Not the service industries... Most government offices, yes.


----------



## Rochelle (Sep 20, 2010)

cool.. thanks


----------



## yankee79 (Nov 27, 2010)

Elphaba said:


> Islamic New Year (Al Hijra) - 7th December


Islamic New Year is now -5th December based on the sighting of the moon


----------



## Maz25 (Jul 6, 2008)

yankee79 said:


> Islamic New Year is now -5th December based on the sighting of the moon


They have actually combined it with the National Day holiday, to give everyone a longer weekend. For private sector, they will get Saturday 3rd off work and for public sector, it will be Sunday 5th December. It will make no difference (in terms of getting a day off) as to which day the moon is sighted since the holiday is being moved to make sure that we get an extra long weekend.


----------



## furryboots (Jul 31, 2009)

Maz25 said:


> They have actually combined it with the National Day holiday, to give everyone a longer weekend. For private sector, they will get Saturday 3rd off work and for public sector, it will be Sunday 5th December. It will make no difference (in terms of getting a day off) as to which day the moon is sighted since the holiday is being moved to make sure that we get an extra long weekend.


Since most of the private sector gets Saturday off in any weekend, why would that count as a holiday and why not the Sunday, which is, after all, the Islamic New Year


----------



## Jynxgirl (Nov 27, 2009)

'Most' of the private sector around my building... work saturdays. They will enjoy having the day off.


----------



## Gavtek (Aug 23, 2009)

We're taking Thursday off and instead of taking Sunday off in lieu of the holiday we 'miss' on Saturday, we're going to take 2nd January off instead.


----------



## pamela0810 (Apr 5, 2010)

Gavtek said:


> We're taking Thursday off and instead of taking Sunday off in lieu of the holiday we 'miss' on Saturday, we're going to take 2nd January off instead.


That sounds great! I wish we did the same thing!
Gavtek, you should head our HR department!


----------



## AndreaMarshall (Nov 22, 2010)

Rochelle said:


> well some of us have better behaved pets...
> 
> (and by that I mean a boy dog who doesn't cock his leg to pee, one cat too lazy to care about the tree if there isn't something worth catching and another cat who just thought the ornaments at the bottom were enough entertainment  lol)


Just browsing through these old posts = my boy dog doesn't lift his leg either! Just squats like a girl. He had his snippy snippy at 8 weeks which was too young but the law when you adopt a dog they must be minimum 8 weeks old and must be 'fixed'

Now my Bodie is a wimp! Only thing he bites is his food, doesnt hump or mark territory with his peepee. Just a big ol' sissy. 

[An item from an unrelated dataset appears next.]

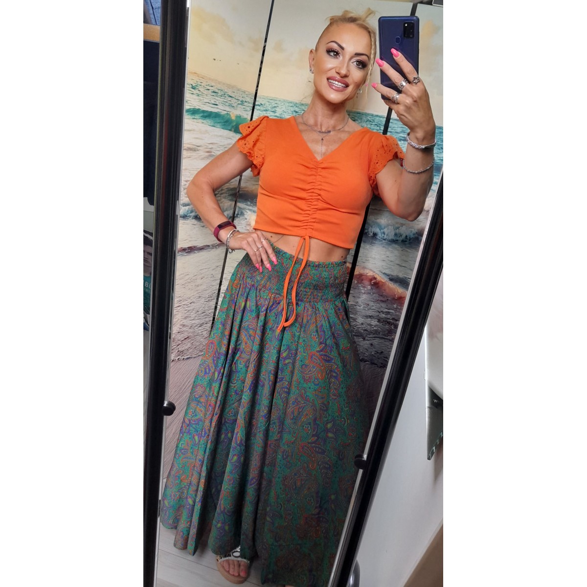 Completo colorato in tessuto lucido | Charlie Completo tinta unita in tessuto lucido simile al raso: casacca smanicata con collo alto con nastro, gonna lunga con elastico in vita arricciato. Vestibilità morbida. Taglia unica

Used to have a ferret though who would steal the ornaments toward the bottom of the tree. Hid them under the beds.


----------



## Elphaba (Jan 24, 2008)

This Al-Hijri date change is a farce.

The date of 7th December was declared back in January (for those who think they are clever in correcting me  ) and it seems the change seems to be a way of preventing the private sector from enjoying another days holiday due to the amount of them that have fallen at the back end of the year.
-


----------



## Rochelle (Sep 20, 2010)

AndreaMarshall said:


> Just browsing through these old posts = my boy dog doesn't lift his leg either! Just squats like a girl. He had his snippy snippy at 8 weeks which was too young but the law when you adopt a dog they must be minimum 8 weeks old and must be 'fixed'
> 
> Now my Bodie is a wimp! Only thing he bites is his food, doesnt hump or mark territory with his peepee. Just a big ol' sissy.
> 
> Used to have a ferret though who would steal the ornaments toward the bottom of the tree. Hid them under the beds.


He sounds gorgeous.. Just like our boy was  Ours wasn't done too young.. but apparently if you dont wait till they already cock their leg they never will  

Lol at the ferret. 

Sooo.... :confused2: it really is up to the individual company by the sounds of it?!


----------



## Elphaba (Jan 24, 2008)

:focus:

The government can change things at will. And does.

It's bad for business, inconvenient to many and just makes the country look a bit daft.


----------



## pamela0810 (Apr 5, 2010)

Elphaba said:


> :focus:
> 
> The government can change things at will. And does.
> 
> It's bad for business, inconvenient to many and just makes the country look a bit daft.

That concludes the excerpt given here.